My pick for one of Europe’s most impressive urban overhauls is London’s Docklands. In the early 1800s, the Docklands was the home port of “the empire upon which the sun never set”—so it became the world’s leading harbor. But after being destroyed by Nazi bombers during World War II, the Docklands struggled and declined. Several decades later, investors realized the area was ripe for redevelopment, construction took off, and the neighborhood called Canary Wharf was born.
Hop on the Tube to go out there and immerse yourself in today’s London. Where sailors once drank grog and stevedores unloaded cargo, thousands of office workers (the stevedores of the Information Age) populate a forest of skyscrapers, towering high above the remnants of the Industrial Age.
Like most of Europe’s redevelopment projects, Canary Wharf was designed with a futuristic people-friendliness. Locals enjoy plenty of green spaces, art-filled plazas, trendy cafés, and pedestrian bridges that arc over waterways. Yet traces of its illustrious shipping roots can still be found. For instance, a row of 19th-century brick warehouses still lines the canal. An old sugar warehouse now houses the Museum of London Docklands, which tells the story of the world’s busiest 19th-century port.
Of any place in Europe, Berlin is a work in progress—a place you need to be in every couple of years to see how it’s developing. One way to take it all in is to enjoy the vibrant scene along the Spree River. During the Cold War, Berlin turned its back on its riverbank. Much of it was a militarized “death strip”—part of the Berlin Wall that separated people on the East from the West. The East German regime even put nets underwater to stymie those swimming to the West for freedom.

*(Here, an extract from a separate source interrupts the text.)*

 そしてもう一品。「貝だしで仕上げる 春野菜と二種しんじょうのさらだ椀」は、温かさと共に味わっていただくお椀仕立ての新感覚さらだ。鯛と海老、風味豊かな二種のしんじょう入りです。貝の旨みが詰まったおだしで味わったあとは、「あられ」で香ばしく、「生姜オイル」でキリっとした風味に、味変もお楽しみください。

What’s most remarkable about Berlin is how it’s gone from a home base of aggression to the capital of chill. Today the riverbank is a people-friendly park lined with impromptu “beachside” beer gardens with imported sand, BBQs in pocket parks, and locals walking their dogs, taking a lazy bike ride, or jogging against the backdrop of stunning new governmental architecture. It’s easy to join the scene—just grab a drink and lounge chair, walk or bike along the trail that leads from the cathedral to the main train station, or hop aboard a riverboat cruise.

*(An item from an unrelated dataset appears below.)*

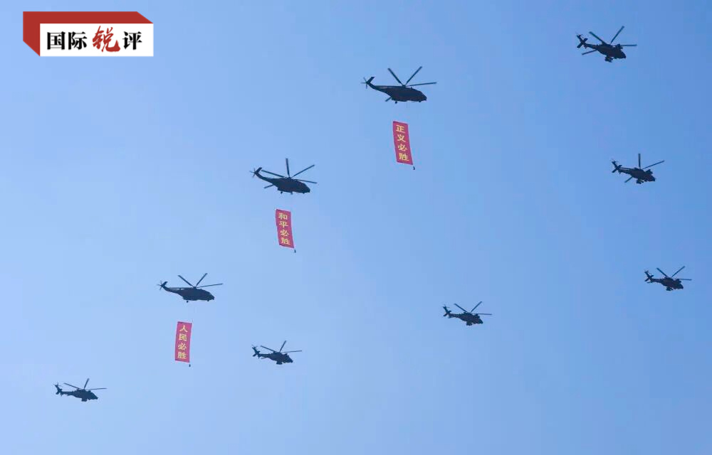 閱兵儀式上,一個細(xì)節(jié)引人關(guān)注:3架直升機分別懸掛“正義必勝”“和平必勝”“人民必勝”的條幅飛過天安門廣場。這“三個必勝”既是歷史啟示的偉大真理,也是對當(dāng)下和未來的重要啟迪。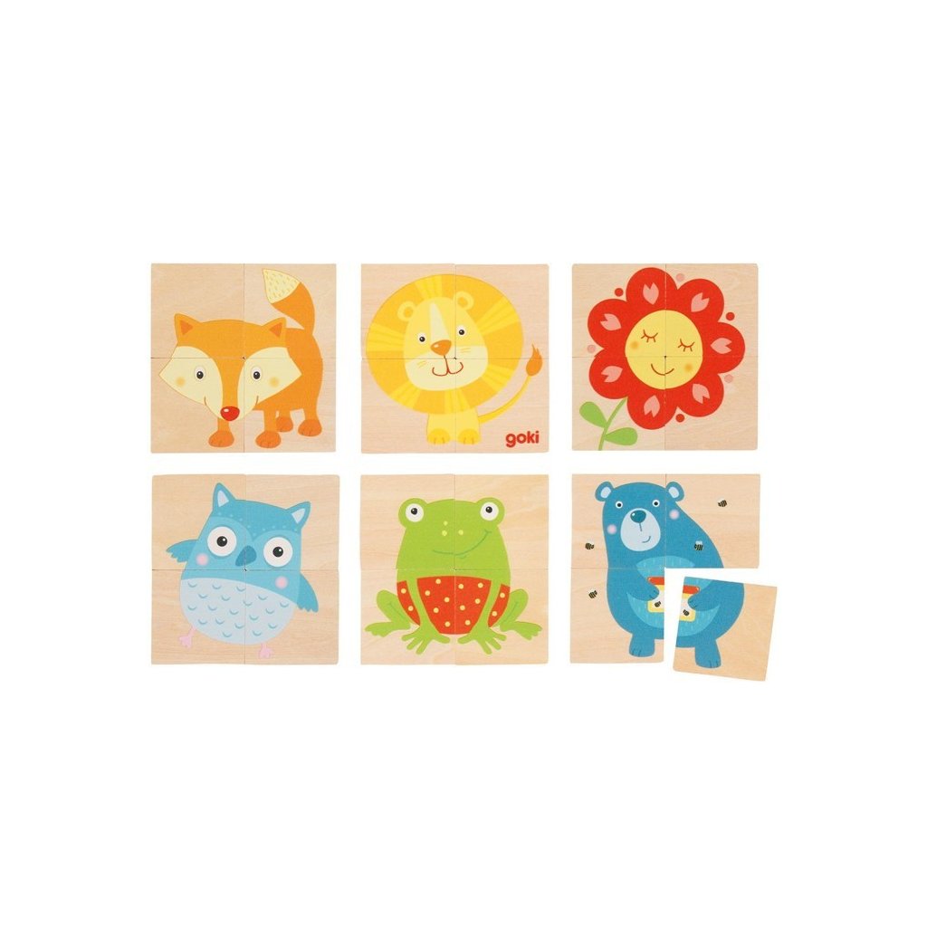 Děti poznávají zvířátka tak, že nejprve skládají obrázky. Později je možné skládat v kombinaci s paměťovou hrou. Hra obsahuje 6 motivů. Vyrobeno z kvalitní překližky. Vhodné od 2 let.

Another city in transition is Amsterdam, where a new north-to-south subway line is being built. This will move much of the transportation clutter across the wide IJ waterway to Amsterdam’s (until now) underdeveloped north bank. Long neglected as a sleepy residential zone, this side of the water—which will get a huge boost when the new transit hub opens—is on its way to becoming a smart people-zone. Heralding the coming gentrification of this area is the striking EYE Film Institute, with a complex of museum spaces, theaters playing art films, and a ultra-modern terrace café with great waterside seating.
One of the most exciting revitalization projects in all of Europe is in Oslo (though, being Norwegian, maybe I’m biased). Oslo is a classic old Norwegian city. But in recent visits, I’ve been amazed at some of the dramatic changes going on here. The main construction centers around an ambitious urban renewal project called Fjord City (Fjordbyen). In a few years, Oslo’s waterfront will be a five-mile-long strolling and biking promenade—with nearly all traffic zipping through the city in underground tunnels.
Oslo’s harborfront was dominated by the Aker Brygge shipyard until it closed in 1986. Today Aker Brygge is a promenade—each night it’s a Nordic paseo. I like to enjoy the scene with a simple picnic from a grocery store. The harborfront comes with lots of picnic tables, comfy wooden lounges for two, and places where those citizens who can’t afford the pricey restaurants can still enjoy the same views.
One harbor over from Aker Brygge, Oslo’s striking Opera House—opened in 2008—is still the talk of the town. Its white-marble roof famously slopes into the fjord, creating a public plaza, allowing the people of Oslo to literally walk on top of the theater they helped fund. Inside, a state-of-the-art, 1,400-seat performance hall brings ballet and opera to the masses.
All across Europe, cities are investing in the future and reinventing themselves. And, after a lifetime of traveling there, I never get bored. With ever-changing cityscapes and a dedication to good living, Europe’s cities keep me on my toes.